We have a series of observations $(x_i,y_i)$ where $Y_i \in \{0,1\}$ and $X_i \in (0,1)$. I want to curve fit these observations to $y = f(x)$ in order to interpret $f(x)$ as a probability given some arbitrary metric $x$. How can I do this and under what assumptions on the model? Note that the observations on $x$ will cluster around $x \approx 1/2$ with extremely few observations close to the boundaries.
Some assumptions:
- $f(x)$ is monotone
- $f(x) \rightarrow 0$ when $x \rightarrow 0$, $f(x) \rightarrow 1$ when $x \rightarrow 1$
- We have tons of data
Can we do this by linear regression on some transformation on the observations?
Bin your data!
For instance, take $\{(x_i,y_i) | x_i \in [0.2,0.3]\}$ and call this the data chunk for that interval. You will clearly have 10 such intervals, and counting the frequency of $y_i$ in each interval gives you a local estimate of probability. So for instance, the above subset would give a value for $f(0.25)$ which I could use in fitting to $f$.
Of course, how many intervals you divide into depends on the amount of data, and how quickly $f$ is supposed to vary. A good rule of thumb would be -- if you have $n$ data points, divide into $\sqrt{n}$ bins of $\sqrt{n}$ points each.
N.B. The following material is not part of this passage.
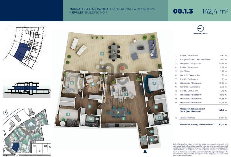 Grandiózus tér, pazar kényelem, természetközeli luxus!Most bevezető áron!Az ingatlanpiac legújabb gyöngyszeme várja Önt és családját! Ez a kiváló állapotú, új építésű lakás ideális választás mindenki számára, aki a modern életstílust és a prémium kivitelezést keresi. Az ingatlan alapterülete 142m2, amely négy tágas szobát kínál hatalmas nappalival, továbbá két tágas gardróbbal, így bőven elegendő helyet biztosít a családi élethez. A 82m2-es terasz tökéletes helyszín a pihenésre és a szabadban eltöltött időre. A lakás minimalista kialakítása és világos, barátságos terei azonnal magukkal ragadják az érdeklődőket. Az ingatlan okos otthon rendszerrel van felszerelve, amely lehetővé teszi a modern technológiák egyszerű és kényelmes használatát. Az elektromos (fan-coil) fűtés-hűtés gondoskodik a maximális komfortérzetről, míg az automata öntözőrendszer a kert szépségét megőrzi. A lakópark, amelyben az ingatlan található, exkluzív környezetet biztosít, és a csendes, rendezett kertje a nyugalom szigetét nyújtja a város forgatagában. A medence lehetőséget ad a családok számára a közös időtöltésre, míg a portaszolgálat biztonságot és kényelmet nyújt. Az ingatlan közlekedési csomópont közelében helyezkedik el, így a város tömegközlekedési lehetőségei könnyen elérhetők. A környék ellátottsága kiváló, hiszen a közelben találhatóak bolt, iskola, óvoda és orvosi rendelő, így minden szükséges szolgáltatás könnyedén elérhető. A biztonságos és csendes környezet ideális helyszínt biztosít a családok számára, akik a nyugodt életet keresik. Egy ilyen egyedi tervezésű ingatlan nem mindennapi lehetőség, ezért érdemes mielőbb megtekinteni! Kérjük, ne habozzon felkeresni bennünket, amennyiben bármilyen kérdése van a lakással, lakóparkkal, vagy a környékkel kapcsolatban.Projekt bemutatásaGrandiózus tér, pazar kényelem, természetközeli luxus!Fedezze fel a Balaton legújabb exkluzív lakóparkját, amely a fővároshoz legközelebb eső városban, Balatonakarattyán, pár percnyire a vízparttól, zöldövezetben, mégis kiváló közlekedési kapcsolatokkal épül.Az alábbi jellemzők nemcsak a környezetet védik, hanem hosszú távon költséghatékonyságot is jelentenek a lakók számára, így nem csak „zöld” megoldásokról, hanem tudatos, jövőbe mutató beruházásról beszélhetünk:- Energiahatékony épületekA lakóparkban jövőbe mutató, energiahatékony, magas minőségű lakóépületeket hoznak létre, a lakások távoli felügyeletét is biztosítva.- Zöldterületek maximalizálásaA páratlan nagyságú zárt kert kihasználásával vezérelv a zöldfelület maximalizálása, hogy a leendő lakók természetközeli élményben részesüljenek és nyáron a hűvösebb mikroklíma biztosított legyen.- Autóforgalom minimalizálásaAz épületek alatt találhatóak a parkolók, nullára csökkentve a parkban lévő autóforgalmat, hogy ne zavarják a lakók és vendégeik gyalogos közlekedését.- Digitális és intelligens megoldásokA lakások távoli felügyeletét is biztosítják, ami lehetővé teszi az energiahatékony működést és a környezetbarát üzemeltetést.- Fenntartható tervezés és kivitelezésA projekt során elhagyatott, lepusztult területeket újítanak meg, figyelembe véve a környezet adottságait és a település igényeit, így illeszkedve a település szerkezetébe anélkül, hogy túlterhelnék az infrastruktúrát.A projekt a Balaton egyik legkönnyebben megközelíthető városában valósul meg – ideális választás Budapest és Kelet-Magyarország felől is! Akár egy óra alatt elérhető autóval, így tökéletes állandó lakhatásra, nyaralásra vagy befektetésre egyaránt.Amennyiben szeretne részese lenni egy természetközeli egyben prémium életérzésnek, ne habozzon! Várjuk hívását a hét minden napján!

Plotting your fitted curve $f$ over these "averaged" points will probably give you a good idea how well you're estimating the local probability. But note that you can also find a fitting curve $f$ by just doing a normal least-squares fit to the $\{0,1\}$ data: least squares will actually weight it appropriately to try to get the right probability.
Although, note that least squares will only be faithful if you give it enough degrees of freedom to fit the data. For instance: If the true function $f$ has $f(x) = 0$ for all $x \in [0,0.5)$ and $f(x) = 1$ for all $x \in [0.5,1)$, and you try to fit a linear function, you'll get something like $f_0(x) = 3x/2 - 1/4$. Which will the data decently well, but give negative probabilities for $x < 1/6$. So make sure to use a sufficiently flexible model (or equivalently, a model with the constraints to have $f \in [0,1]$ everywhere).